■ Prompt ■
Instruction for the entries that follow: retype exactly the lines from the line with "Escalera de hormigón" to the line with "A interface de", both included, and omit all others.

■ Data for processing ■
··········

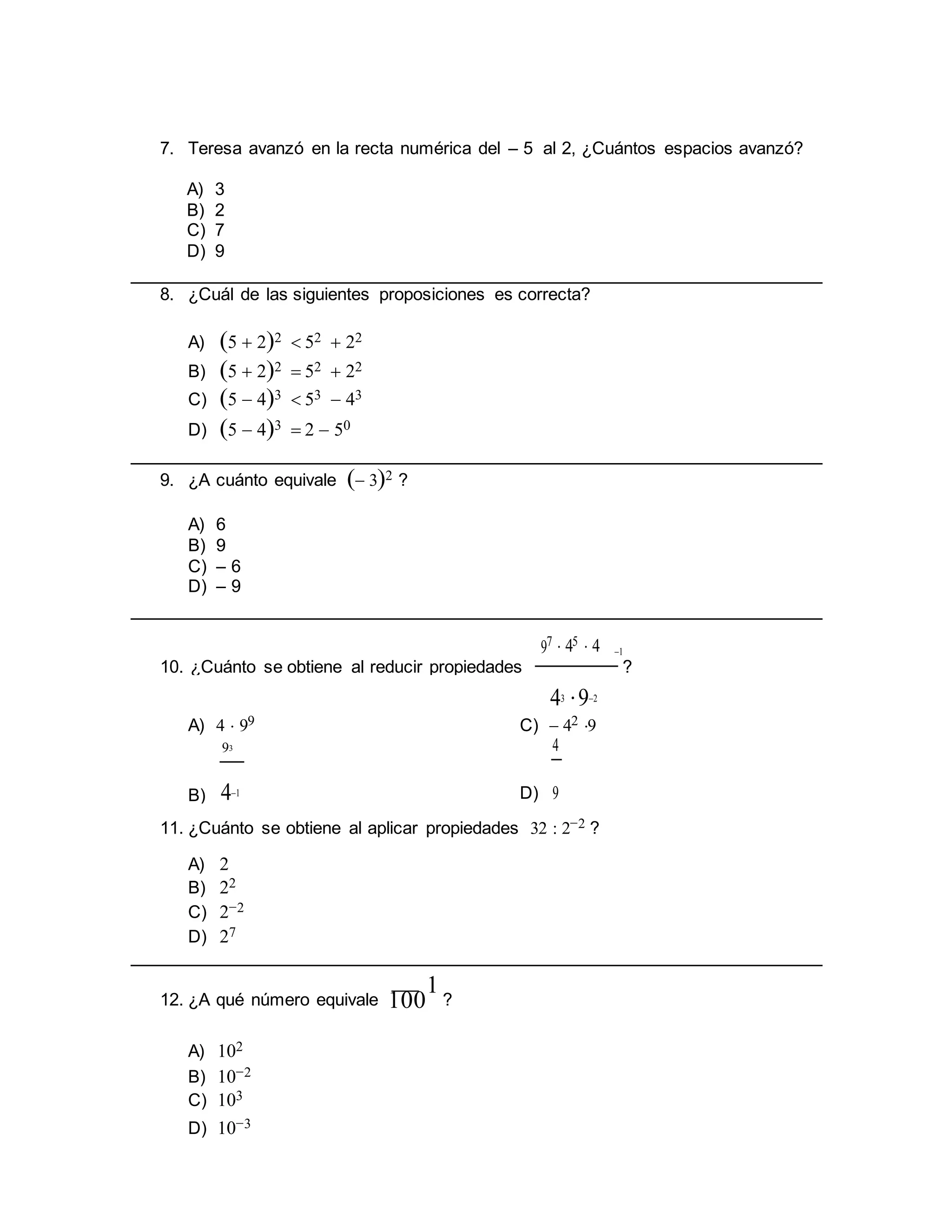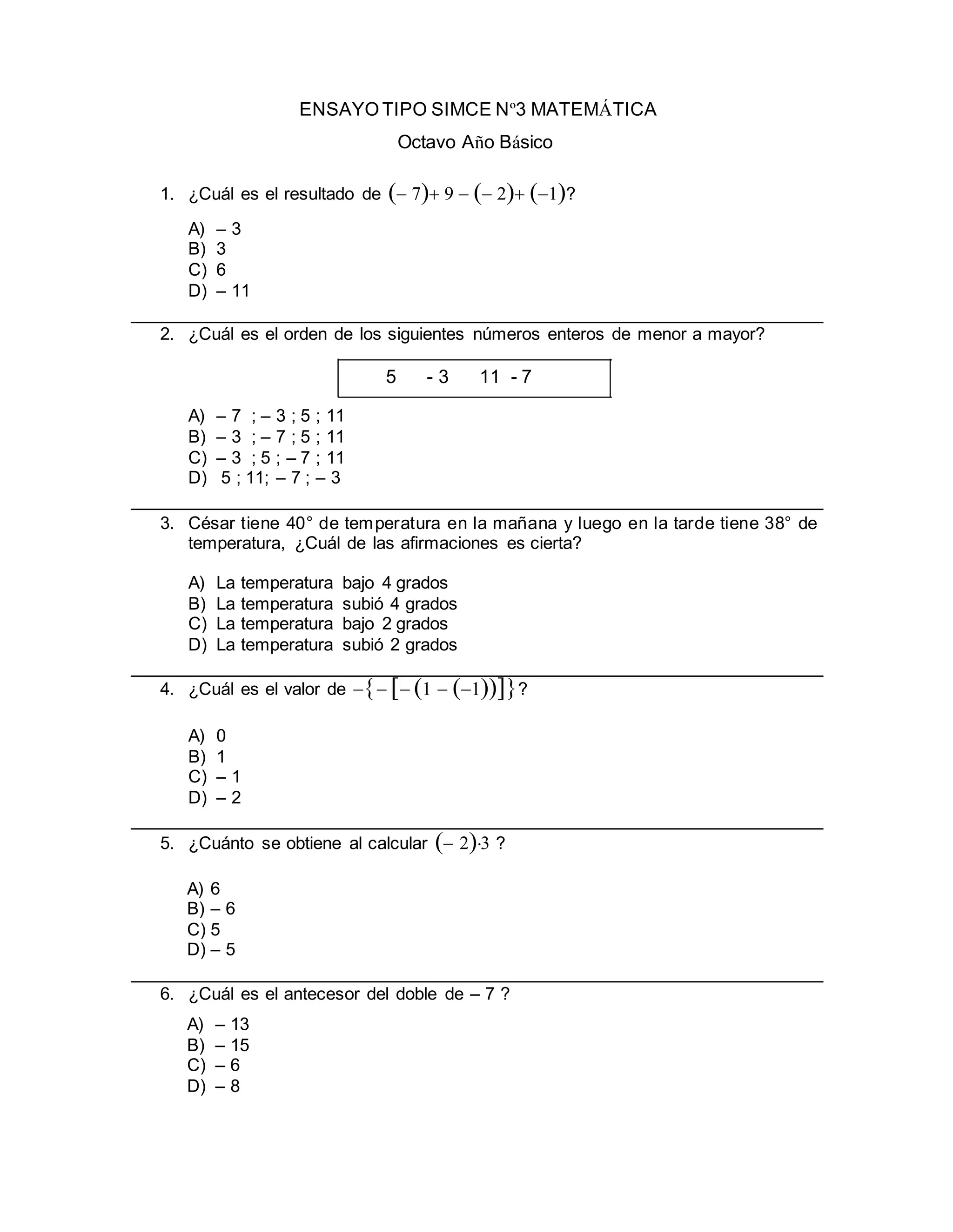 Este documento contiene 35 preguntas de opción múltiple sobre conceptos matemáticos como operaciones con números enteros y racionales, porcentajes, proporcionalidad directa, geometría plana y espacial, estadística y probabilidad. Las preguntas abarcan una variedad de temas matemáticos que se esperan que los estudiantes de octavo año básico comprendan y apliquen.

··········

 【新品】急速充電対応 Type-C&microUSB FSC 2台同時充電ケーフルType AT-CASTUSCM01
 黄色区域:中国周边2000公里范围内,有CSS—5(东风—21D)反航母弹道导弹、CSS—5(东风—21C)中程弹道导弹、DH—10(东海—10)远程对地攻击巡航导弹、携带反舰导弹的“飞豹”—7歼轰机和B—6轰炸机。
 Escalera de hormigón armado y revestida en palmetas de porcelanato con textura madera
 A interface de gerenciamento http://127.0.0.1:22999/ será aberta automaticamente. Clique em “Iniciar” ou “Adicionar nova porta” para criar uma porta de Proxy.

··········

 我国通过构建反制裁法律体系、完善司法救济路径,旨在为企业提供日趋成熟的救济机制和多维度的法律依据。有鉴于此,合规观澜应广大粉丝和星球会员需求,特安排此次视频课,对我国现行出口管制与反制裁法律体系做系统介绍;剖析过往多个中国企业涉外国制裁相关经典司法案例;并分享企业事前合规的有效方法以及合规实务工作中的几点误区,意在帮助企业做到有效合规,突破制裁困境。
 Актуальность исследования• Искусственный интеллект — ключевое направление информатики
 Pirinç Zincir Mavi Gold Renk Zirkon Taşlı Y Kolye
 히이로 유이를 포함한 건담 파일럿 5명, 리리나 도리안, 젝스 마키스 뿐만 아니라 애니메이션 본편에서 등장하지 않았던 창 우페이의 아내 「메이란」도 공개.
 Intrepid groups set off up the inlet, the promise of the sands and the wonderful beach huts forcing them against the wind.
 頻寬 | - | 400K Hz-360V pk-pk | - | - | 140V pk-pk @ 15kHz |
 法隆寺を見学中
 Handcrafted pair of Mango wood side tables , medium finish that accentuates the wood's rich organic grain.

··········

■ Your solution ■
 Escalera de hormigón armado y revestida en palmetas de porcelanato con textura madera
 A interface de gerenciamento http://127.0.0.1:22999/ será aberta automaticamente. Clique em “Iniciar” ou “Adicionar nova porta” para criar uma porta de Proxy.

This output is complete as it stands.